- Born: Guillermo Santana June 13, 1951 Autlán de Navarro, Jalisco, Mexico
- Origin: San Francisco, California, United States
- Died: May 14, 2020 (aged 68)
- Genres: Latin rock; blues rock;
- Occupations: Musician; songwriter;
- Instrument: Guitar;
- Labels: Warner Bros.; Tomato; Polydor; Guts and Grace;
- Website: jorgesantana.com

= Jorge Santana =

Mexican guitarist (1951–2020)

Guillermo "Jorge" Santana (13 June 1951 – 14 May 2020) was a Mexican guitarist, brother of musician Carlos Santana.

== Early life ==
Jorge was born Guillermo Santana on 13 June 1951 in Autlán, in Jalisco, Mexico. His parents were Josefina and Jose Santana. A younger brother of Carlos Santana, Jorge started playing guitar in San Francisco when he was a teen.

== Early career ==
At a young age Santana was in San Francisco based combo "Sounds Unlimited Blues Band" with Tom Lazaneo, Jim Dotson, Fred Pratt and Robert Lazaneo, formed in 1967 and finally calling it quits circa summer 1970, then joined a rhythm and blues band called "The Malibus" which later became just "Malo."

== Later career ==
He was a member of the San Francisco-based, Latin-rock band Malo, who had a top twenty hit in the U.S. Billboard Hot 100 with "Suavecito" in 1972. He released two solo albums on Tomato Records, Jorge Santana and It's All About Love, featuring former Malo members. In the mid-1970s he played with the Fania All-Stars. The band, Malo, which means "bad" in Spanish, played a combination of laid-back fusion of jazz, rock and a variety of forms of Latin music, similar to the sound of Carlos Santana, his brother. The band's debut album, called Malo was released in 1972 and included the song "Suavecito". The song, which had a smooth, melodic sound, made it to No.18 on the Billboard singles chart, and became a popular song for fans of Latin rock. Malo played together for four years and produced four albums until they broke up and Santana embarked on a solo career and played with the New York-based band the Fania All-Stars.

His distinctive guitar was a green Fender Stratocaster, acquired in the 1970s.

After a long split, Santana toured with his brother, Carlos. The album Sacred Fire: Live in South America was recorded in Mexico City on this tour, featuring Jorge Santana, who played a personalized orange Paul Reed Smith guitar.

In 1994 he recorded an album with his brother and Carlos Santana's nephew, Carlos Hernandez, called Santana Brothers.
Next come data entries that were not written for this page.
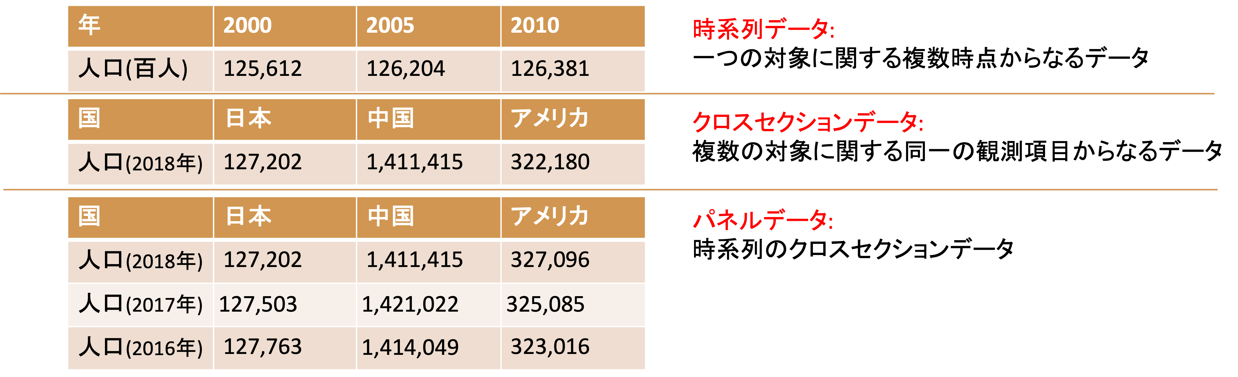 また,観測項目や観測対象の組み合わせによって,特別に呼称され,それぞれ独自の分析手法が存在するデータもあります(時系列データと時系列解析,パネルデータと,パネルデータ分析など)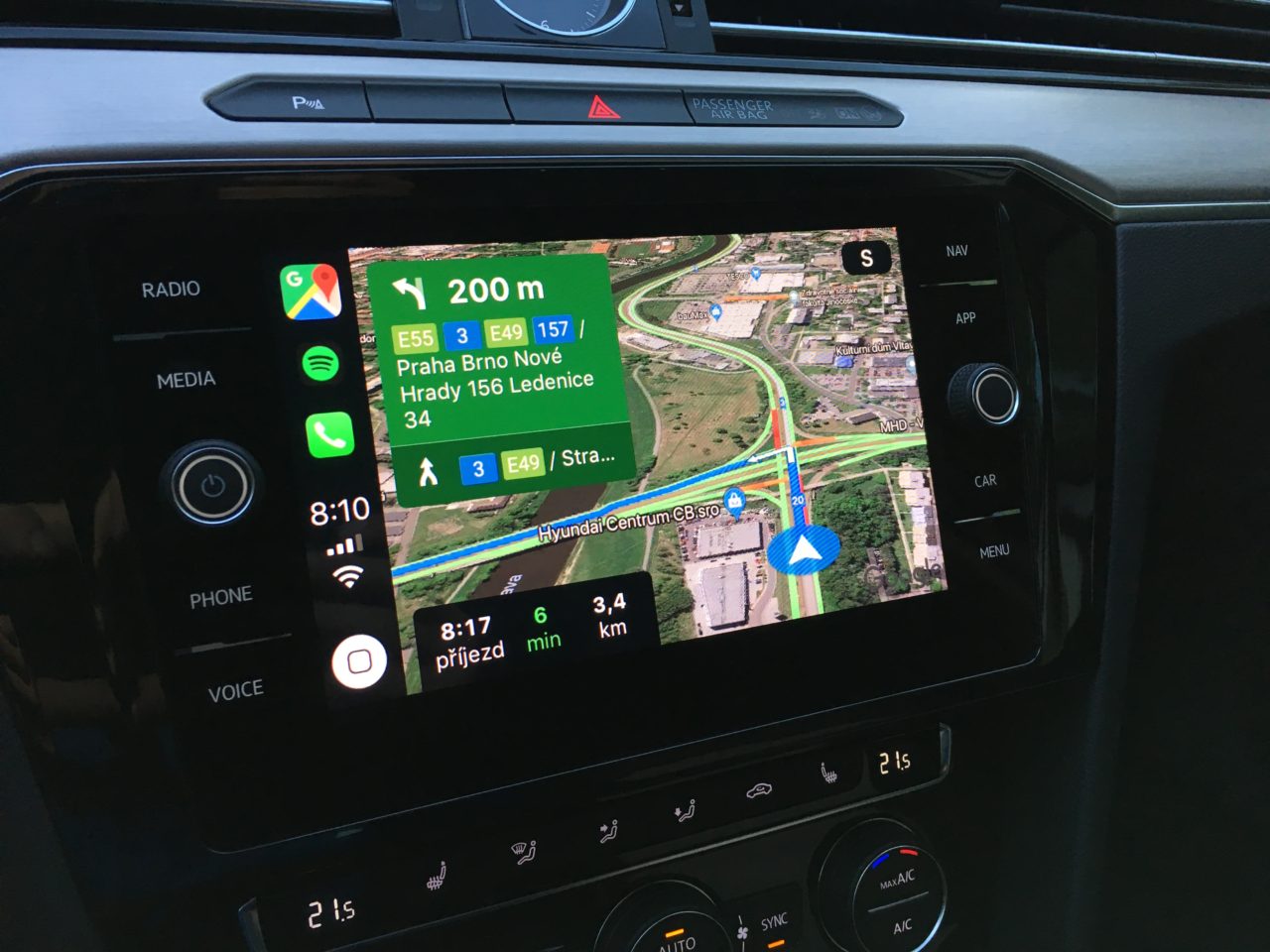 Co se týče Google Maps, v režimu CarPlay nabízí upravené rozhraní uzpůsobené pro pohodlné ovládání na palubních systémech automobilů. Podporováno je hlasové ovládání a synchronizace uložených adres. Velmi příjemným benefitem je možnost přepnutí do fotografického zobrazení mapových podkladů. To oceníte především v hustých zástavbách měst, kde získáte lepší orientaci a přehled o bočních uličkách.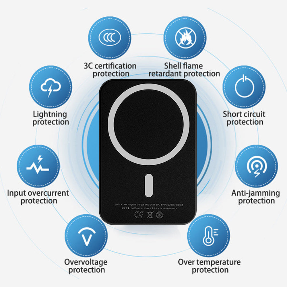 A: The wireless power bank can only charge iPhone 12/13 series (the charging method is magnetic wireless charging), other mobile phones without magnetic suction function need to use the data cable to transfer and charge.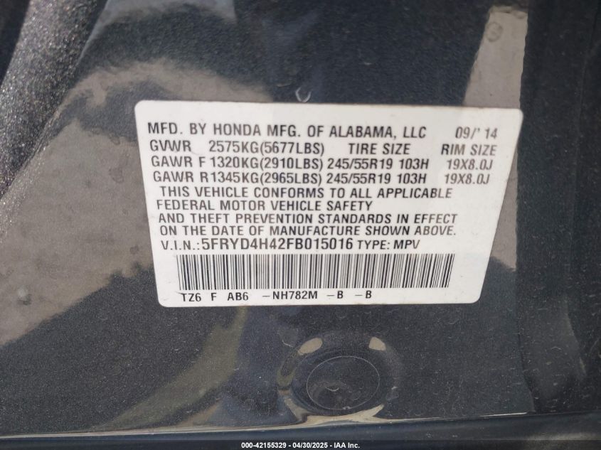 Колір СірийЦиліндри 6Привід Повний привідVIN 5FRYD4H42FB015016Стан СтаціонарноУшкодження Права сторона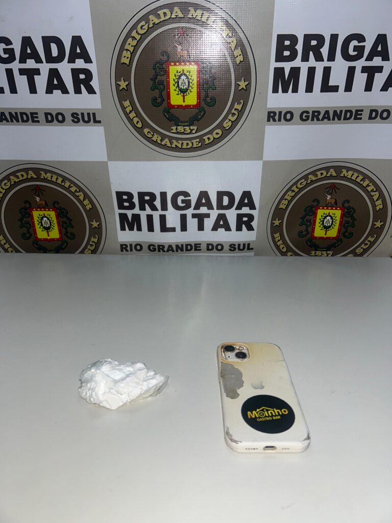 Durante a abordagem, foi apreendida uma porção de cocaína, além de um aparelho celular.

One of his last musical contributions and performances was to provide songs with Abel Sanchez for the 2023 PBS "American Masters" (S37 E8) documentary series film A Song For Cesar on the life and work of farm labor unionist Cesar Chavez.

== Sound ==
According to WBGO radio host, musician and band leader Bobby Sanabria Jorge Santana's sound with Malo can be summed up thus: "Picture Blood Sweat & Tears fused with Chicago, fused with Afro-Cuban rhythms and guitar driven rock. It was Santana on steroids."

== Personal life ==
He died in San Rafael, California of natural causes on 14 May 2020, aged 68. He was survived by his brother Carlos and another brother, Antonio. He also had four sisters: Lety Santana, Laura Porras, Irma Santana, and Maria Vrionis. He was married to Donna with whom he had a son, Anthony and a daughter, Michelle. He also had one grandson.

== Discography ==
- Jorge Santana (1978)
- It's All About Love (1979)
- Santana Brothers (1994)
- Here I Am (2009)
- Gracias Madrecita (2011)
- Restoration (2020)

=== Malo ===
- Malo (1972)
- Dos (1972)
- Evolution (1973)
- Ascension (1974)

=== Santana ===
- Sacred Fire: Live in South America (1993)

=== Fania All-Stars ===
- Latin-Soul-Rock (1974)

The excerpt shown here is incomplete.